§ **THE RECORDS**:
::::::::::
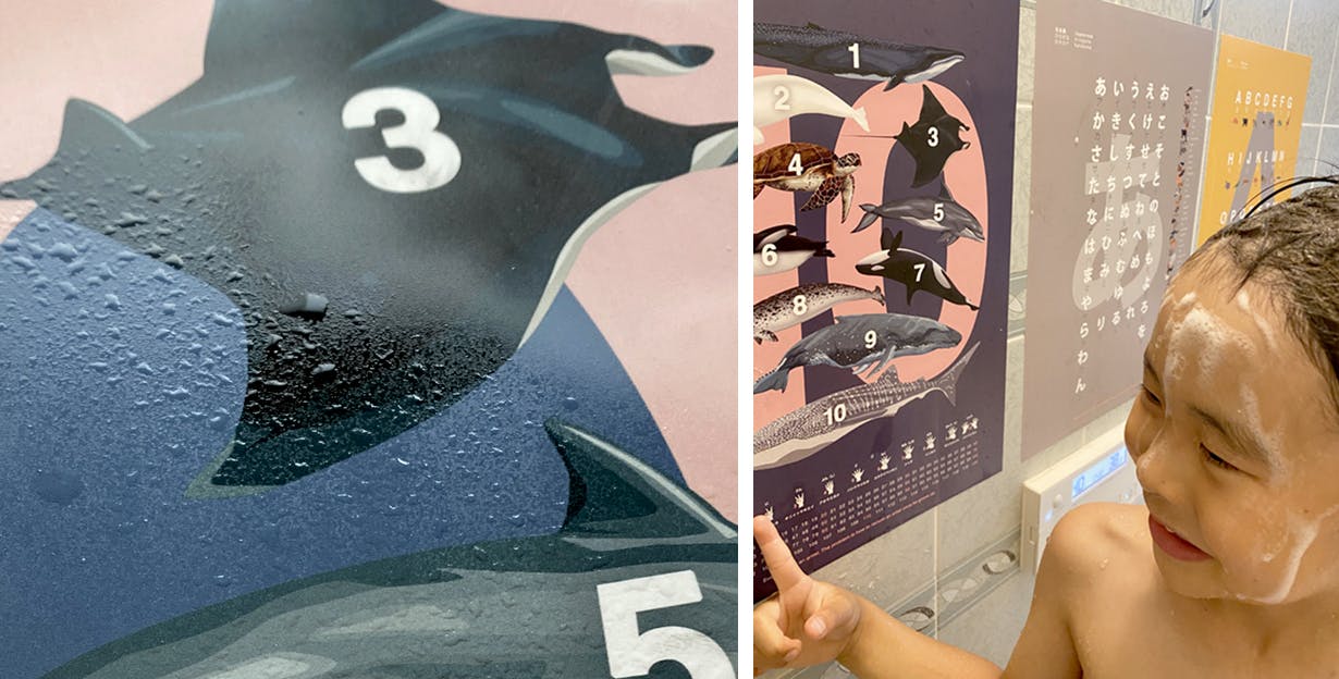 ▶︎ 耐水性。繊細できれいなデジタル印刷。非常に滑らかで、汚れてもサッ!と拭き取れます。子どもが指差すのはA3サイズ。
::::::::::
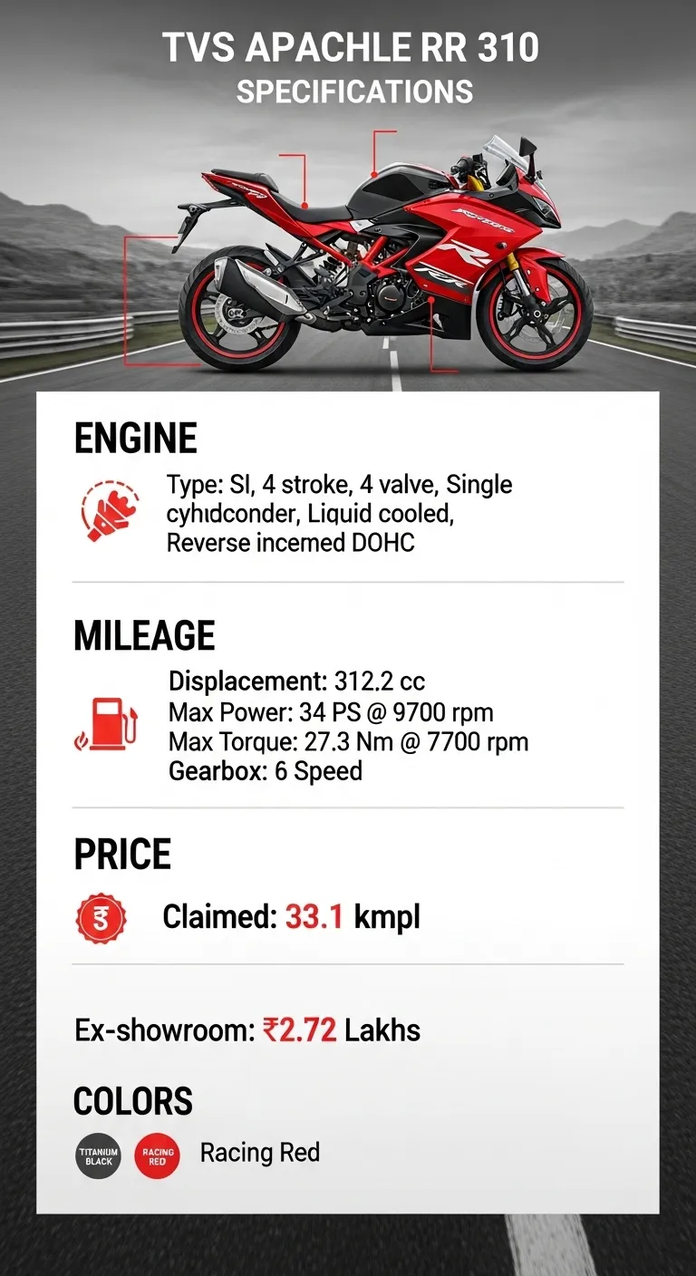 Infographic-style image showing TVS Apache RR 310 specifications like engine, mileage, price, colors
::::::::::
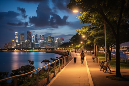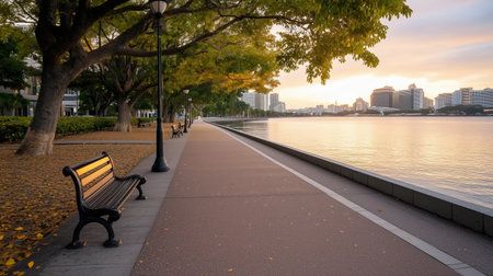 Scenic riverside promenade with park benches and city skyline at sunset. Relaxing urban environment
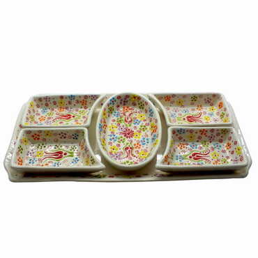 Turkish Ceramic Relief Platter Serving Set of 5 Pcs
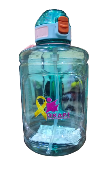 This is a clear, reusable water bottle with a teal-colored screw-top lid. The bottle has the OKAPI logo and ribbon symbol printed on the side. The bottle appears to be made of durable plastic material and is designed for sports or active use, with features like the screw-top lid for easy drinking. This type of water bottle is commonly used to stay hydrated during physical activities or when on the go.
::::::::::
§ **PROBLEM DETAILS**: Above are some records; quote exactly and only the lines that begin at the line containing "Scenic riverside promenade" and stop after the line containing "Turkish Ceramic Relief", leaving out the pictures.

§ **ANSWER SPACE**:
 Scenic riverside promenade with park benches and city skyline at sunset. Relaxing urban environment
 Turkish Ceramic Relief Platter Serving Set of 5 Pcs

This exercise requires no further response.